The spectacular first images from a dark matter-hunting telescope were unveiled Tuesday, showcasing bustling galaxies, clusters of ancient stars and wispy, dreamlike stellar nurseries.
The images, from the European Space Agency’s Euclid telescope that launched into space in July, were released to great fanfare. The dramatic views are a tantalizing first glimpse of what the dark universe-mapping telescope could yield over the course of its six-year mission.
One of the most eye-catching of the newly released images is an ethereal look at the Horsehead Nebula, which forms part of the constellation Orion. This cold, dark cloud of gas is an active star-forming region and is known for its distinct equine shape that appears like an eerie apparition against a glowing cosmic background.
The Horsehead Nebula, also known as Barnard 33, is located approximately 1,375 light-years away and is the closest giant star-forming region to Earth, according to the space agency.
The Euclid telescope also spotted a spiral galaxy known as IC 342 that is sometimes nicknamed the “Hidden Galaxy.” This system is often challenging to observe directly because the veil of stars, gas and dust around our own Milky Way tends to obscure it from view.
Euclid’s sensitive near-infrared instruments are able to pierce through thick layers of dust in space, offering new views of the spiral galaxy.
The telescope was designed to create a 3D map of billions of galaxies and other structures in the universe across space and time. The mission aims to peer back as far as 10 billion years into the universe’s history.
The telescope’s goal is to grasp the elusive nature of dark matter and dark energy — the invisible “stuff” that are thought to make up 95% of the universe. Understanding how dark matter and dark energy work have been some of the most long-standing challenges in modern astronomy.
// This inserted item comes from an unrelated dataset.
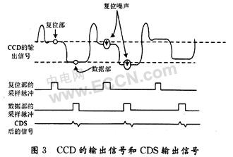 從圖3可以看出,當(dāng)復(fù)位部脈沖是高電平的時(shí)候。CCD的輸出信號(hào)進(jìn)行第1次采樣,采樣信號(hào)為復(fù)位電壓、復(fù)位失調(diào)電壓和復(fù)位噪聲;當(dāng)數(shù)據(jù)部脈沖是高電平時(shí),CCD的輸出信號(hào)進(jìn)行第2次采樣,采樣信號(hào)除包括復(fù)位電壓、復(fù)位失調(diào)電壓和復(fù)位噪聲外,還包括有用的視頻信號(hào)。
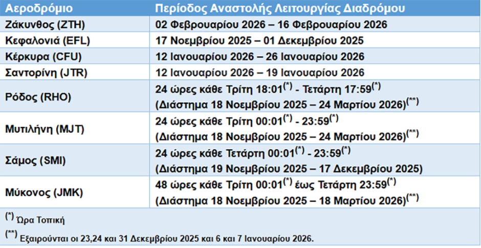 κριμένα, οι ημερομηνίες για την αναστολή λειτουργίας των διαδρόμων, ανά αεροδρόμιο, παρουσιάζονται στον παρακάτω Πίνακα:

In its first batch of full-color images, the Euclid telescope captured a cosmic portrait that officials at the space agency called “a revolution for astronomy.” The image shows roughly 1,000 galaxies that form the Perseus Cluster, along with more than 100,000 other galaxies further away that each contain up to hundreds of billions of stars.
Astronomers at the space agency said many of these faint galaxies were previously undetected, adding that some are so distant that it has taken 10 billion years for their light to reach Earth.
The Perseus Cluster is located 240 million light-years away from Earth and is one of the most massive structures in the universe, according to NASA. It contains thousands of galaxies embedded in a vast cloud of superheated gas.
The Euclid telescope spied a globular cluster — a huge collection of hundreds of thousands of stars bound together by gravity — located approximately 7,800 light-years away from Earth. Known as NGC 6397, the cluster orbits in the bustling disk of material that surrounds the center of the Milky Way.
Astronomers have said that globular clusters are some of the oldest objects in the universe, and thus could offer insights into how their host galaxies formed and evolved.
Rounding out the newly released batch of cosmic eye candy was an image of a small and irregular galaxy called NGC 6822 that lies 1.6 million light-years away from Earth. These so-called dwarf galaxies are thought to be building blocks of bigger galaxies, and scientists think similarly irregular and small structures likely existed in the early universe.